* _Instructions to follow_: Would you please copy the part of the material below that opens with the line containing "Hello lovely friends!" and closes with the line containing "Perfect for your"? Copy it exactly, and only it.

* _Data shown_:
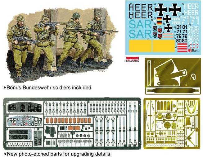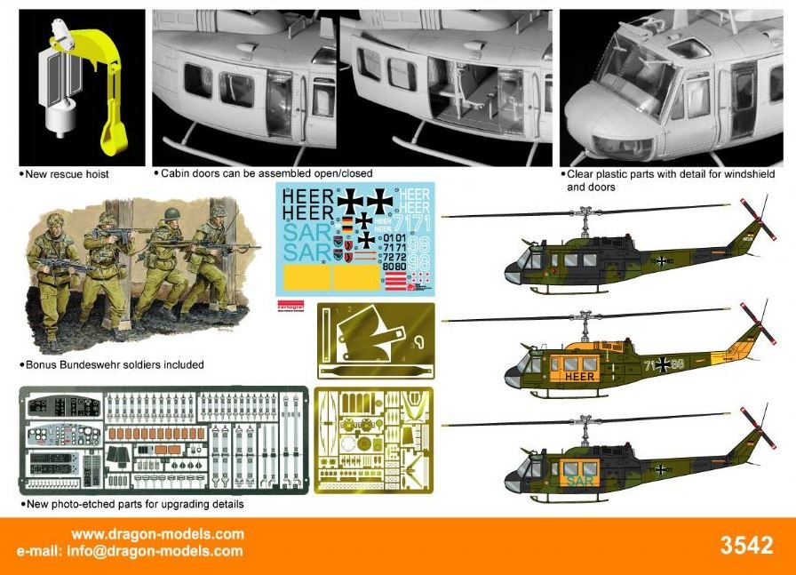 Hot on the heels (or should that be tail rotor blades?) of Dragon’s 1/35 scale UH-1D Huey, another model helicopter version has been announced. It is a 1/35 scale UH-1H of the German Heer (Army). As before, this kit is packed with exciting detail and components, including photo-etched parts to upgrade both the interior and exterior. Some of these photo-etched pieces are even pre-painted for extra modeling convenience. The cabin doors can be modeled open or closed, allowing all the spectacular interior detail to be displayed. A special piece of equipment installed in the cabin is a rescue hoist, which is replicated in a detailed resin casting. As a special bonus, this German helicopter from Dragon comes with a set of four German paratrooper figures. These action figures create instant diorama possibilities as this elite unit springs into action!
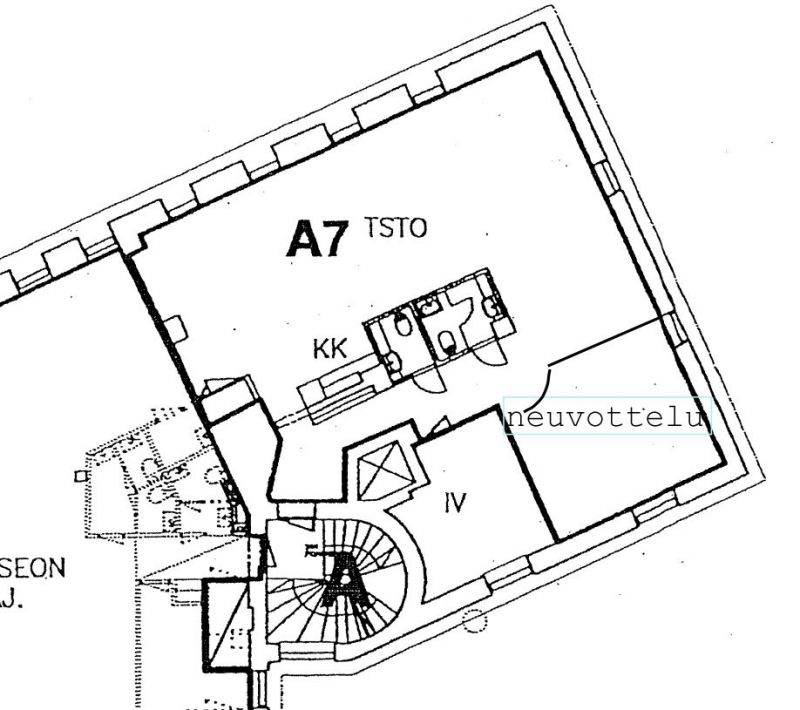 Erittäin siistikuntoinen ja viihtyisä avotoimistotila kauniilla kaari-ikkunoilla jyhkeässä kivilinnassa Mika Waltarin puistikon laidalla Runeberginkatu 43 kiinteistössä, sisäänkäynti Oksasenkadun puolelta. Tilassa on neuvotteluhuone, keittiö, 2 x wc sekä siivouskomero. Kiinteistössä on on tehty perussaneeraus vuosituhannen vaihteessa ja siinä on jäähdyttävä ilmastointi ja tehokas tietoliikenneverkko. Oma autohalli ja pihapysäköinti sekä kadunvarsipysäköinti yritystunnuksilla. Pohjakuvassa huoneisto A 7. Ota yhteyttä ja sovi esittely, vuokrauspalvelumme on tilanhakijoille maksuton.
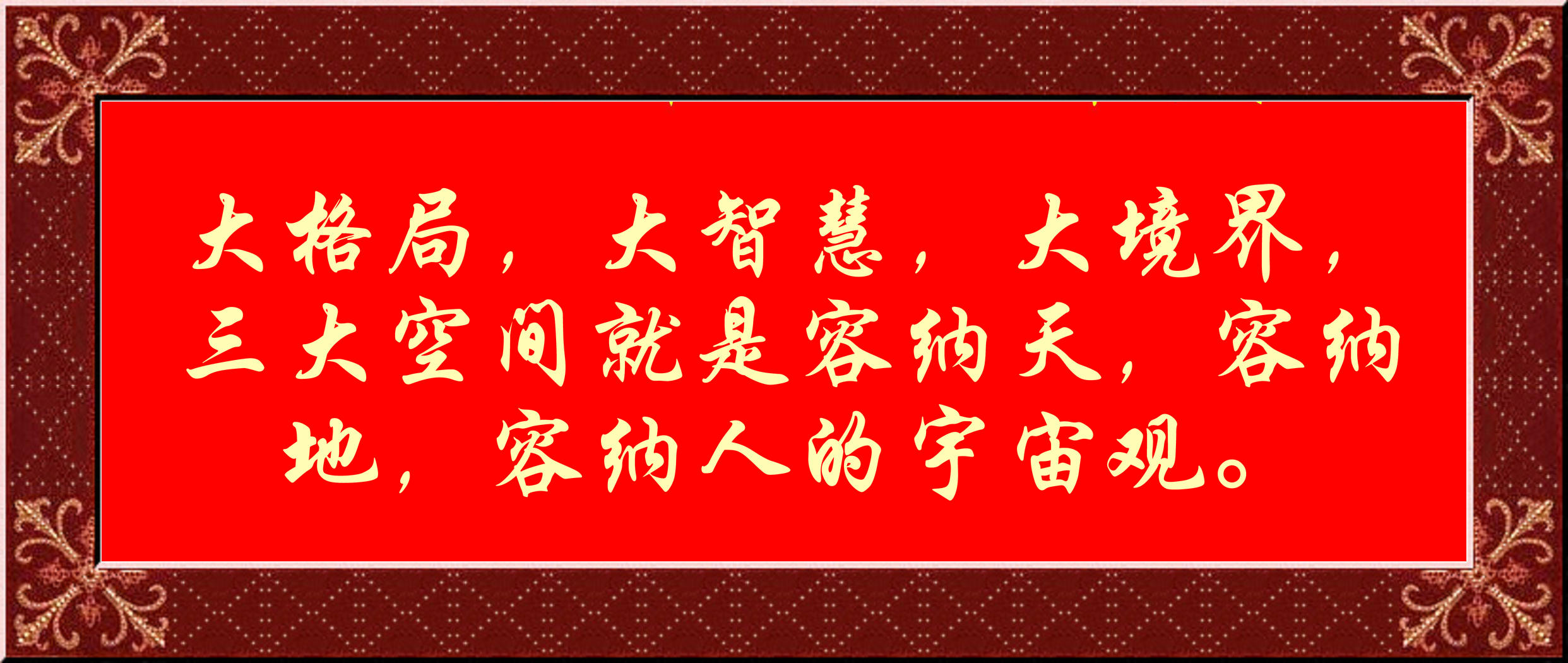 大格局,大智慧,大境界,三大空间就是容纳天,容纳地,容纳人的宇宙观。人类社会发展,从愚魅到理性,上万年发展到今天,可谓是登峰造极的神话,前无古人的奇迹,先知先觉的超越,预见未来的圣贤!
...
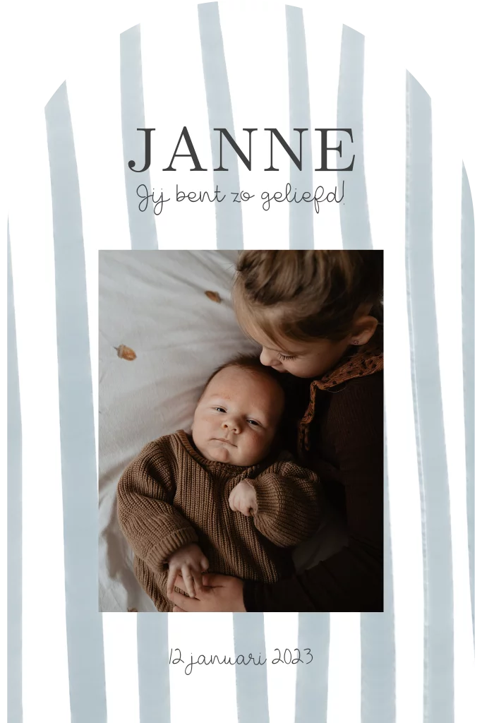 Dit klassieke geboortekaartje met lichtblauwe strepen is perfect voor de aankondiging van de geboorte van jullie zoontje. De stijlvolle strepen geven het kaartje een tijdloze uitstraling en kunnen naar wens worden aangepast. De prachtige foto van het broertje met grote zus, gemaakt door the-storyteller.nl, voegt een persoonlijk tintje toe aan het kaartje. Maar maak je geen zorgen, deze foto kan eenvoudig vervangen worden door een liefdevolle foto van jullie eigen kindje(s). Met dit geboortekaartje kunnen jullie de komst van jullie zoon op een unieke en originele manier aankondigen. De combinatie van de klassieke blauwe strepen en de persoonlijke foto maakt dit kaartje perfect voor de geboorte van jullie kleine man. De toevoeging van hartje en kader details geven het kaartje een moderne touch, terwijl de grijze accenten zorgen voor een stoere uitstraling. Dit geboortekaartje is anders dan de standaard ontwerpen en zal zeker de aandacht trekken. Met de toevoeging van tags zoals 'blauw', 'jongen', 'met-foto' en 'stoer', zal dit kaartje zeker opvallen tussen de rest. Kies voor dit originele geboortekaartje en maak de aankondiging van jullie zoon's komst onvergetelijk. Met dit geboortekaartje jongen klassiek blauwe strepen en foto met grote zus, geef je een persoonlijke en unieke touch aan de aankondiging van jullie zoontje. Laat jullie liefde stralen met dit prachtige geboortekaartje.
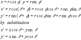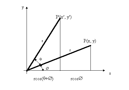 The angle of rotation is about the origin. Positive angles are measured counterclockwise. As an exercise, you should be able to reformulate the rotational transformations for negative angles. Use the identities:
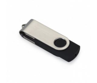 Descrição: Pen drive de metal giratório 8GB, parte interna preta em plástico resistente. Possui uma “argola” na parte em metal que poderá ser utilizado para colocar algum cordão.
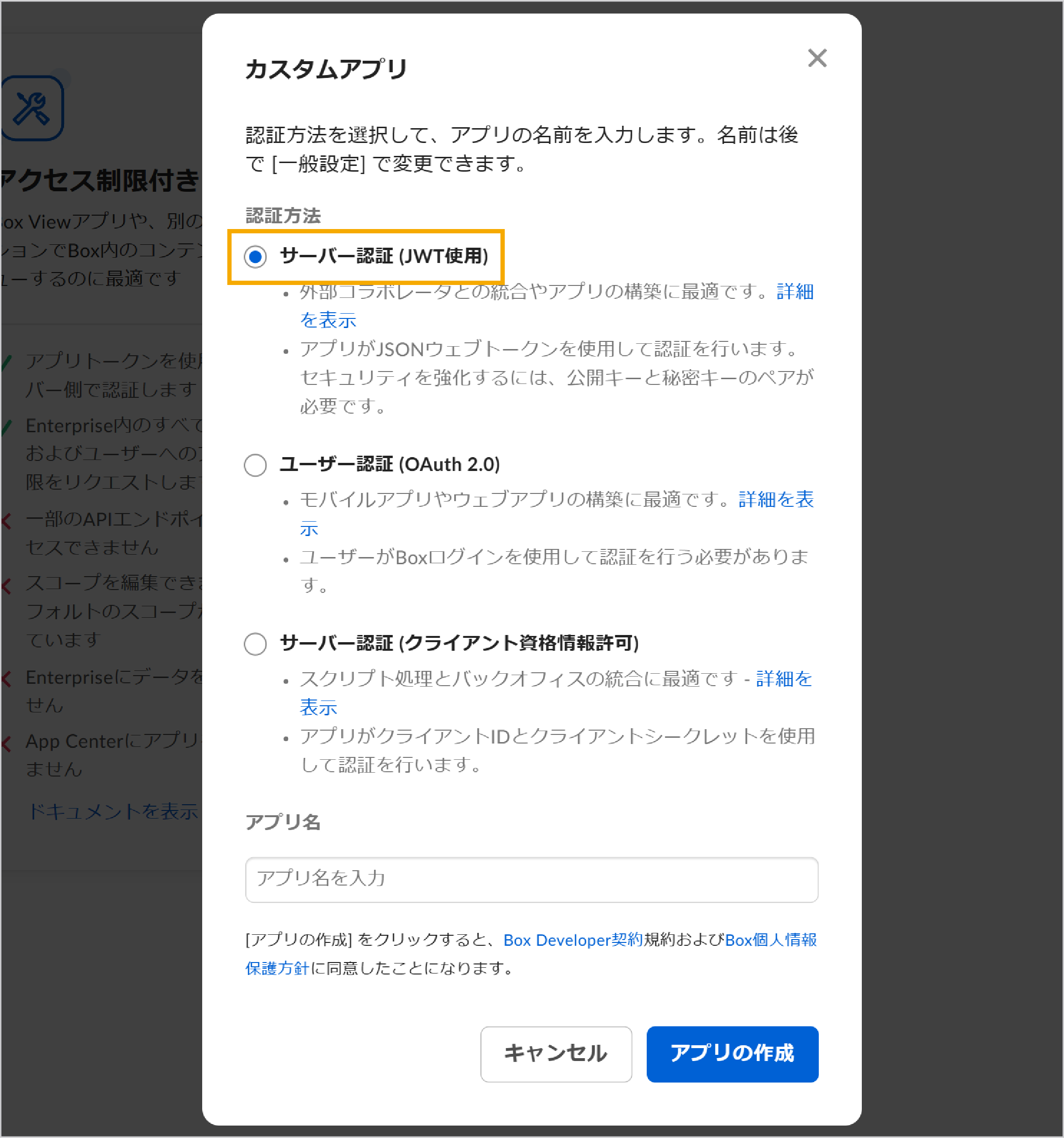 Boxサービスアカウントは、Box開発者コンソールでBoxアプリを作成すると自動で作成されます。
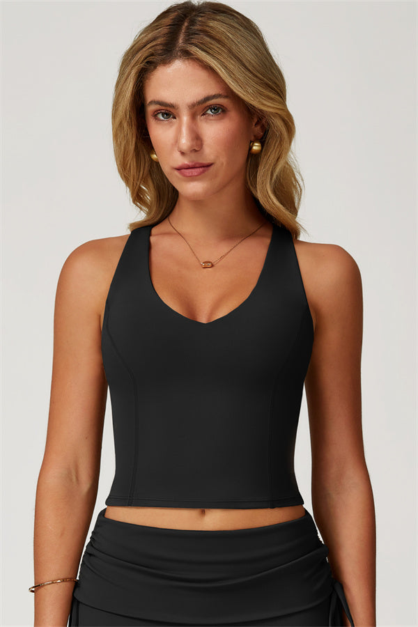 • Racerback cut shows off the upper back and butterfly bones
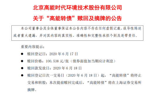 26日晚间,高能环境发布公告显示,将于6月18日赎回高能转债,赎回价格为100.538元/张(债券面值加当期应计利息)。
==
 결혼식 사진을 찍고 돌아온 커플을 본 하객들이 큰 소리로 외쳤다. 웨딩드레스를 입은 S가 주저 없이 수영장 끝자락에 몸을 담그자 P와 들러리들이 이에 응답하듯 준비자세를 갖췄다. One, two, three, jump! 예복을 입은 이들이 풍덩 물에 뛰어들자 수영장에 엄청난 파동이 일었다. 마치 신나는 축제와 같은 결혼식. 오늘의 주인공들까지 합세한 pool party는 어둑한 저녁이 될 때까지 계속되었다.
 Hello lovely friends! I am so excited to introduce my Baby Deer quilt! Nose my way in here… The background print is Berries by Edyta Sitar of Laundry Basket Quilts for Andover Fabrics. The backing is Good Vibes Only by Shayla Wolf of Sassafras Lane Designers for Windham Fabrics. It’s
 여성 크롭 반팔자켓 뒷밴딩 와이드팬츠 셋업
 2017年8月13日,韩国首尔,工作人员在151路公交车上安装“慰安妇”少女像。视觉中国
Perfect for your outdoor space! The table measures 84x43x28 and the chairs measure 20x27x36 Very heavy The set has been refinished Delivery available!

* _Output of the task_:
 Hello lovely friends! I am so excited to introduce my Baby Deer quilt! Nose my way in here… The background print is Berries by Edyta Sitar of Laundry Basket Quilts for Andover Fabrics. The backing is Good Vibes Only by Shayla Wolf of Sassafras Lane Designers for Windham Fabrics. It’s
 여성 크롭 반팔자켓 뒷밴딩 와이드팬츠 셋업
 2017年8月13日,韩国首尔,工作人员在151路公交车上安装“慰安妇”少女像。视觉中国
Perfect for your outdoor space! The table measures 84x43x28 and the chairs measure 20x27x36 Very heavy The set has been refinished Delivery available!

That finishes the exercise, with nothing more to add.